Amazing materials for me, Robin, thank you a lot!

@vvmanyam1 3 года назад

Thanks for the video. With key.ignore=false , Kafka Event Key is mapping to _id of Index, is there a way to also populate topic key as additional attribute in index?

@rmoff 3 года назад

If you're using ksqlDB you could create a new field that holds the key value. It would also be a good use of Single Message Transform but I'm not aware of one that exists already that does it.

@vigneshmuthusamy9332 2 года назад

Hi Robin, am trying this out without the KSQLDB. These are the steps I followed, 1. Started all services using docker-compose, except KSQLDB and KCat. 2. Created kafka topic 3. Created elasticsearch index 4. Created sink connector 5. Published one message into the topic from CLI and verified the message present within kafka topic. Issue: There are no messages in the ES index. I checked the status of the connector, it's running with no errors. But, the message is not sent to the index. Is there any explicit mapping to be done for the messages to be sent to that particular index? (There wasn't any while using ksqldb, but I doubt there might be something, when not using it.)

@rmoff 2 года назад

This is best asked over at forum.confluent.io/

@georgelza 2 года назад

question, is there something we need to install on our local docker-compose build of confluent-platform before executing the below command:

@georgelza 2 года назад

might be answering my own question, the environment used here is a sub environment on demo-scene. busy pulling it now to then retry the steps. would be great to have a video still of the cp-all-in-one environment, and then see step for step how to enable a elastic sink connector on it... aka how to add the connector library via a fellow docker image and what to change where.

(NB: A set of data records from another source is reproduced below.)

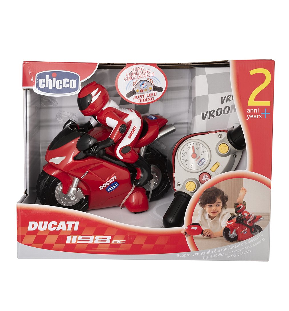 1ère Moto Ducati radiocommandée à conduite intuitive! Tourne la télécommande en forme de guidon pour choisir ta direction. Effets sonores réalistes.
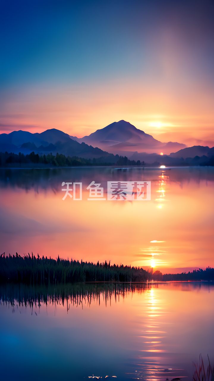 晚霞湖泊唯美
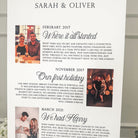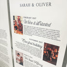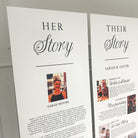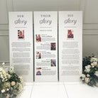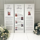 Experience the luxurious opulence of our extra large wedding trio signs - Impress your guests with the unique stories of the bride and groom's love story. Create a truly exceptional reading experience for your guests, thoughtfully crafted from premium foam board with exquisite attention to detail and a choice of fonts. Each piece is individually shipped for effortless display and is available with or without stands. The sizes displayed are the overall size of the trio.
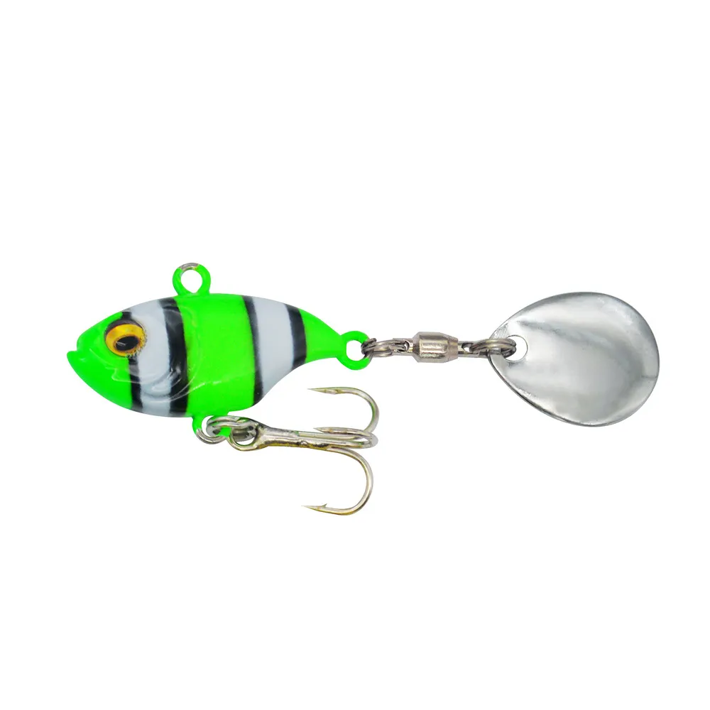 One of the most striking features of this lure is the rotating sequins attached to the metal plate. These sequins create a flash that simulates the movement of small fish or baitfish, making it a highly effective attractant for predatory fish. The rotating sequins are designed to catch and reflect light, producing a shimmering effect that grabs the attention of fish from a distance.

@ashishpadakannaya9446 4 года назад

Is it possible to create *specific* elastic search schema at kafka-topic level? For our use case, we use eager global ordinals for certain fields (www.elastic.co/guide/en/elasticsearch/reference/master/eager-global-ordinals.html) How would we define this at a Kafka level?

@rmoff 4 года назад

Not that I know of. You could pre-create the index and set schema.ignore=true in the connector.

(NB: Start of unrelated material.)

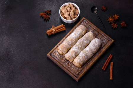 Freshly Baked Chocolate Rolls with a delicious filling, sprinkled with powdered sugar. Against the background of brown craft paper
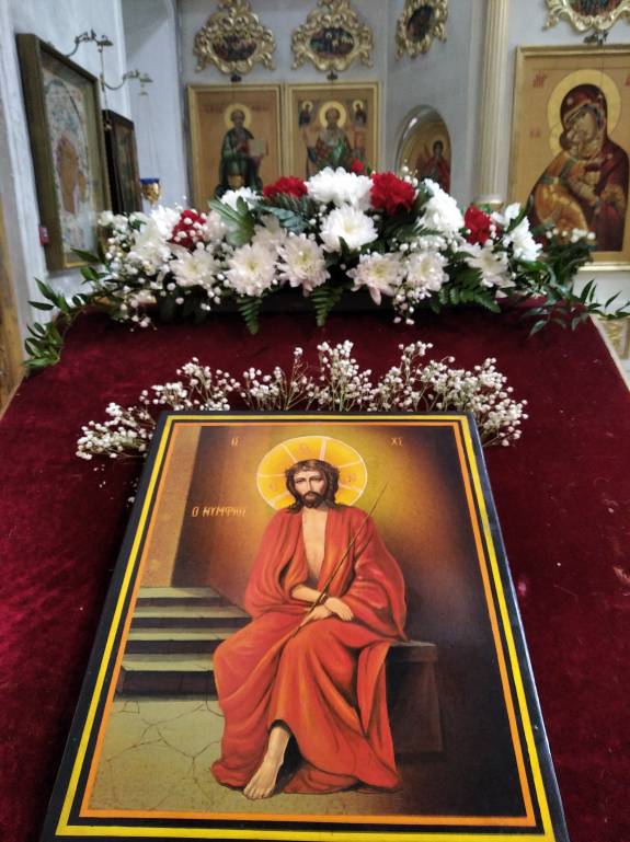 У нас маленькая и старенькая плащаница. Последние годы я не делаю к ней венок - даже самое компактное оформление закрывает почти всё изображение. Готовлю небольшую композицию на оазисе. В этом году из хризантем, гиацинтов и маленьких роз. Положение спасли зелень и гипсофила. От гиацинтов потрясающий запах, можно было даже не умащивать плащаницу

@ashishpadakannaya9446 4 года назад

Please accept my knees! Note for the uninitiated: You might need to configure docker to allocate around 3 gigs of RAM especially for Kafka-connect.

@rmoff 4 года назад

Yes, good point, thanks @ashish. For the full stack including Confluent Control Center and everything I usually allocate 8GB.

@MohanRadhakrishnan 2 года назад

We want a query log with a JDBC connector and Connect the Elastic. Does a stream makes sense here ? Some consumers send to Elastic Sink and some others send to devices. Different topics. How do consumer groups help here ?

@rmoff 2 года назад

With the data in Kafka you can route it to different places as you require, either by pre-processing it with ksqlDB/Kafka Streams, or using Predicate/Filter in the Kafka Connect sink Single Message Transform configuration. If you have more questions please head over to forum.confluent.io/

@ajpieri 3 года назад

I have seen a number of tutorials that say to use the JSON converter and to set value.converter.schemas.enable to true, however, that doesn't seem to be the case for me. The data is being put into Kafka via a connector that uses the io.confluent.connect.avro.AvroConverter. This means the data is in the topic with an Avro schema. In order for me to get the Elasticsearch Sink Connector to work, I needed to set it to use the io.confluent.connect.avro.AvroConverter also. Not the JSON converter. This was a little confusing for me, because I thought the JSON converter would take it from Avro to JSON, but that doesn't seem to be the case. I guess the AvroConverter will do this if it is already in Avro. If it is in JSON, it will convert it to Avro? Thoughts?

@rmoff 3 года назад

Hi Tony, check out www.confluent.io/blog/kafka-connect-deep-dive-converters-serialization-explained. A converter in Kafka Connect is a way of telling it how to serialise the data into bytes (for a source connector) or deserialise from bytes (for a sink connector). If you're still not clear on this then head over to forum.confluent.io/and I will try and answer your question there.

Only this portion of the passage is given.